The desk in question didn’t look like a desk. It was a tabletop hinged at an adjustable angle. This man was an artist of some sort, and Elisa felt a windblown tingle. The table had at its center a half-painted image of a woman from over her shoulder, the curls of her hair as the chief focus. Beneath her was painted the legend: NO MORE DULL DRAB HAIR.

“My neglectfulness notwithstanding, please let me know if you need anything at all, although I do recommend that you pick up your own umbrella. I notice you have a bus schedule there, and the station is a longer walk from here than is ideal. Many things, as you have no doubt noticed, are less than ideal about the Arcade Apartments. But carpe diem, and all that fine stuff. I trust you’re getting along all right?”

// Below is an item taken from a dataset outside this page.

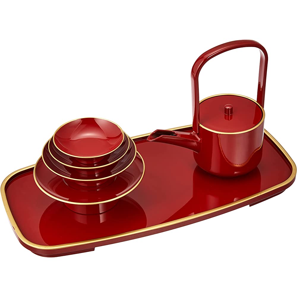 Yamanaka Painted Vermilion Coating Oban Sake Bowl Red Gold Coating 3867

He paused in his canvas rifling and looked to Elisa for a response. She expected this; once people started talking, they tended to forget the disability over which they’d chosen to discourse. This man, however, smiled, his slender brown mustache broadening like open arms.

“You know, I’ve always wanted to learn sign language. What a wonderful opportunity for me.”

The worried tears Elisa had been tamping for weeks should have fallen in a grateful gush, but she forced them back; there was no time to redo makeup. It only got harder over the subsequent minutes, as the man, Giles Gunderson per his magniloquent introduction, located the umbrella, decided to drive her himself, and refused to accept her signed protests. Along the way, Giles distracted her with how the word janitor came from Janus, the god of entrances and exits, only stopping the lesson when an Occam guard established that Giles’s name wasn’t on a list. The guard motioned Elisa to climb out of the van and into the slashing rain.

“‘And wheresoe’er thou move, good luck / Shall fling her old shoe after,’” Giles had called out after her. “Alfred Lord Tennyson!”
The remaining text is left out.